Sin dificultad treparíamos árboles para aterrizar la pelota atorada por ahí; nos guindaríamos en alguna rama para echar relajo, acaso dormiríamos colgados como murciélagos después de leer un libro en el patio.
Habríamos aprendido a repartir sopapos, dos patadas por aquí, un puñetazo por allá, un coletazo oportuno más acá.
Veríamos al chico, chica de nuestros sueños y la delatora cola se adelantaría a las palabras. ¿Me extrañaste? La cola sin esperar se agitaría junto a los latires de nuestro tierno corazón. Y si alguien nos ignorara, nuestros amigos y conocidos fingirían no ver nuestra cola, quizá enrollada, para después conversar entre ellos: está enamorado/a, y mal correspondido/a.

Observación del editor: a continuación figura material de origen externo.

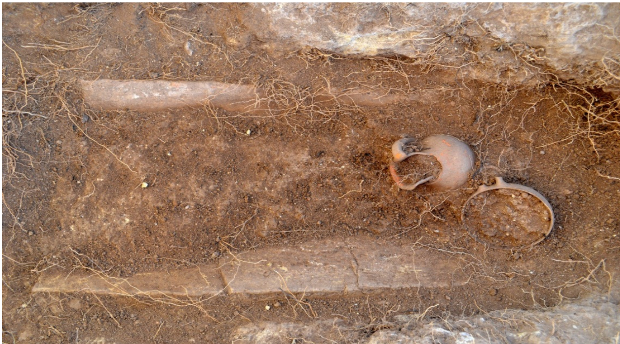
Fig. 3 US 2. Tomba entro coppi

Le tombe tra kalypteres appartenevano a due infanti (UUS 1 e 2), di cui non si sono conservate le ossa. I corredi comprendevano rispettivamente, la prima un' oinochoe a bocca trilobata e uno skyphos a vernice nera ad anse contrapposte; la seconda un' olpe e una coppetta, entrambe acrome (fig. 3).

En otras circunstancias y ante la provocación de un mal vecino, alguien podría preguntarnos: ¿Tuviste miedo? Y la cola indiscreta, agazapada entre las piernas, respondería. Habríamos aprendido a farfullar, como los perros, algún sonido que potenciara nuestro miedo y acompañara los movimientos de aquella extremidad. Un par de centímetros abajo y esa parte tan pudibunda de nuestro cuerpo a la que llamamos de diferentes y vergonzosos nombres, nunca le habríamos llamado cola.
Y en la combi [microbús público]:
— Tenga cuidado señora, no le vayan a prensar la cola.
— Oiga, me está metiendo la cola en la nariz.
Y en la fiesta, el grupo musical a través de su animador:
— ¡Con la cola arriba!, ¡Con la cola arriba! ¡Ehh!,
— ¡Todos aplaudiendo! ¡Todos aplaudiendo!
— ¡Hagan una rueda! Síiii, ¡hagan una rueda! ¡Todos de la cola! ¡Todos de la cola! ¡Que algarabía señores!, aunque no se me ocurre con precisión si la cola sería recargada en el hombro, el brazo o la cintura del vecino.
Pero los chuchos ¡Por Dios!, los perros en la calle han de haber provocado la pérdida de esta importante herramienta en la humanidad. En la madrugada y después del baile la gente por la calle: unos bolos, otros medios crudos ¡Ahí viene un chucho! Y de inmediato la cola agitándose sin ton ni son, las señoritas remilgadas la recogerían entre sus torneados brazos al ritmo de ayes de espanto; el varón caballeroso aportaría la suya para defender entuertos y una que otra vez el perro se aferraría a la cola del humano entre gritos y ladridos burlones frente a duelistas avergonzados y ofendidos que, con la cola entre las patas, dirían para sí: ¿Cola? ¿Para qué tenerla? Y quizá nos la recortaríamos de tanto en tanto como un grito de la última moda.
Los grupos conservadores levantarían sus voces ofendidas, cola en ristre: nuestros conceptos sobre moral e inmoralidad se alterarían. Los grupos de izquierda tomarían las calles defendiendo el derecho a decidir sobre aquel apéndice nuestro y se harían leyes poderosas para defender el uso que decidiéramos darle.
Ahí tendríamos a Mr. Darwin explicando las causas de la aparición de la cola en la historia del hombre. Y nosotros a nuestros dichos: ¡tengan cuidado, que la vida no es cola de humano y, por lo mismo, no retoña!